• _Task to carry out_: From the line containing "Versatile LED headlight 1A EN 55015: 2006" through the last line of the records below, output every line exactly, both ends included, except the pictures.

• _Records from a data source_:
* * *
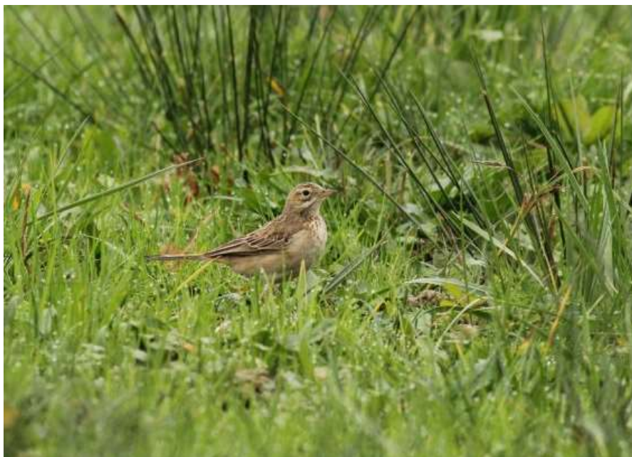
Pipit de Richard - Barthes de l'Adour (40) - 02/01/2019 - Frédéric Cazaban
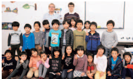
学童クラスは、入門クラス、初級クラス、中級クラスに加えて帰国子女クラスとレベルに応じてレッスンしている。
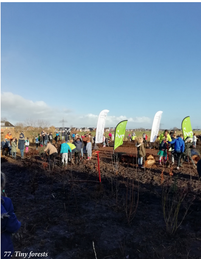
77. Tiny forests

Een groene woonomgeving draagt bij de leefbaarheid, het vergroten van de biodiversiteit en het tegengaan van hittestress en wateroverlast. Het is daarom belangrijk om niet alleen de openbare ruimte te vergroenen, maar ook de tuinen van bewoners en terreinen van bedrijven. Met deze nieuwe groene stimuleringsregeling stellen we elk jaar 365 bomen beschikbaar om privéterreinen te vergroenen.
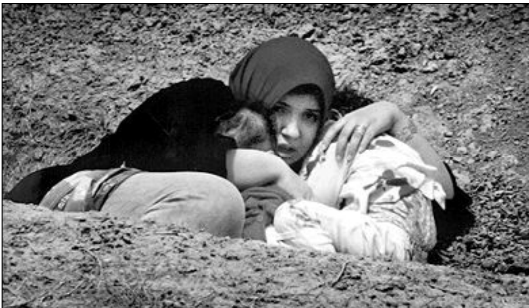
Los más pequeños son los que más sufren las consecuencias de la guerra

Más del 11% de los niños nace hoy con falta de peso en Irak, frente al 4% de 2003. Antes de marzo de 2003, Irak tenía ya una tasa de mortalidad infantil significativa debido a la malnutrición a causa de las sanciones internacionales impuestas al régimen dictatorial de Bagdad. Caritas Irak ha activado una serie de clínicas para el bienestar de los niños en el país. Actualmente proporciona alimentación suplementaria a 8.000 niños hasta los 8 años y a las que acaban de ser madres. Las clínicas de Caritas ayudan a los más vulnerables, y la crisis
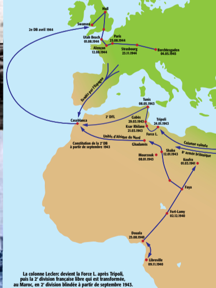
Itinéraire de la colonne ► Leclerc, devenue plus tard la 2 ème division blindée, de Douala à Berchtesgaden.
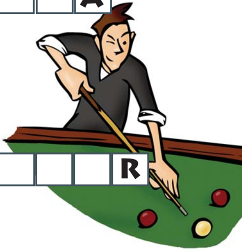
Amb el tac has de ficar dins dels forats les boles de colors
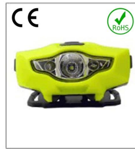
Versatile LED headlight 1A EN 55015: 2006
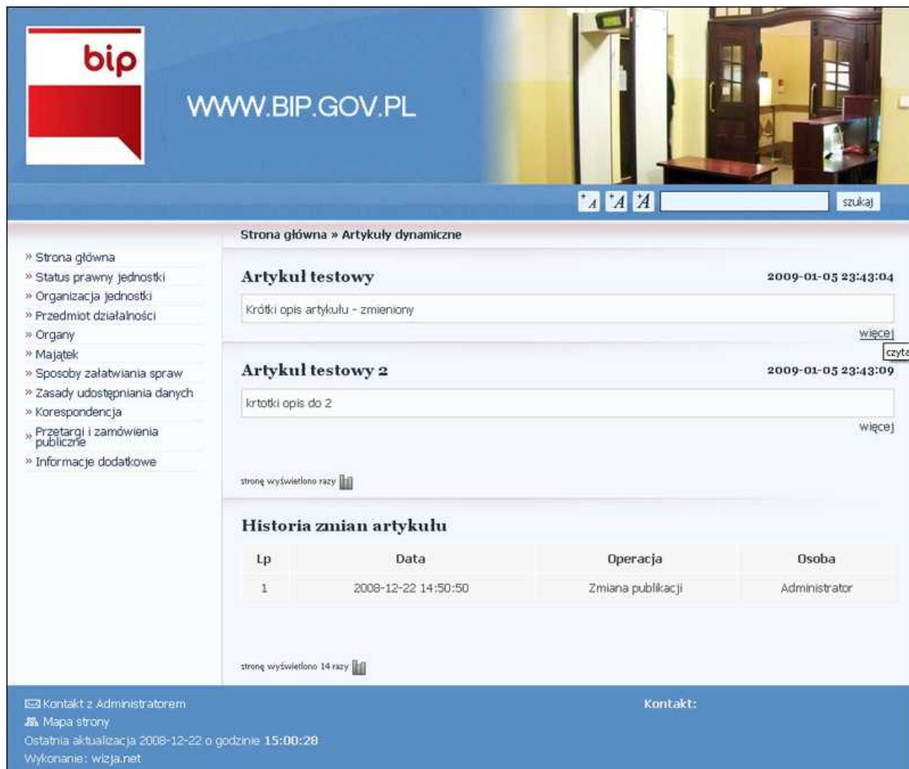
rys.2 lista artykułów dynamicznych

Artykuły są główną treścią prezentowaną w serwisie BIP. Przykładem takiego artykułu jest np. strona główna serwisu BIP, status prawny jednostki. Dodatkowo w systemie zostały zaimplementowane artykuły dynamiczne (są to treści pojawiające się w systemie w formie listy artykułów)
* * *
• _Solution to the exercise_:
Versatile LED headlight 1A EN 55015: 2006
rys.2 lista artykułów dynamicznych

Artykuły są główną treścią prezentowaną w serwisie BIP. Przykładem takiego artykułu jest np. strona główna serwisu BIP, status prawny jednostki. Dodatkowo w systemie zostały zaimplementowane artykuły dynamiczne (są to treści pojawiające się w systemie w formie listy artykułów)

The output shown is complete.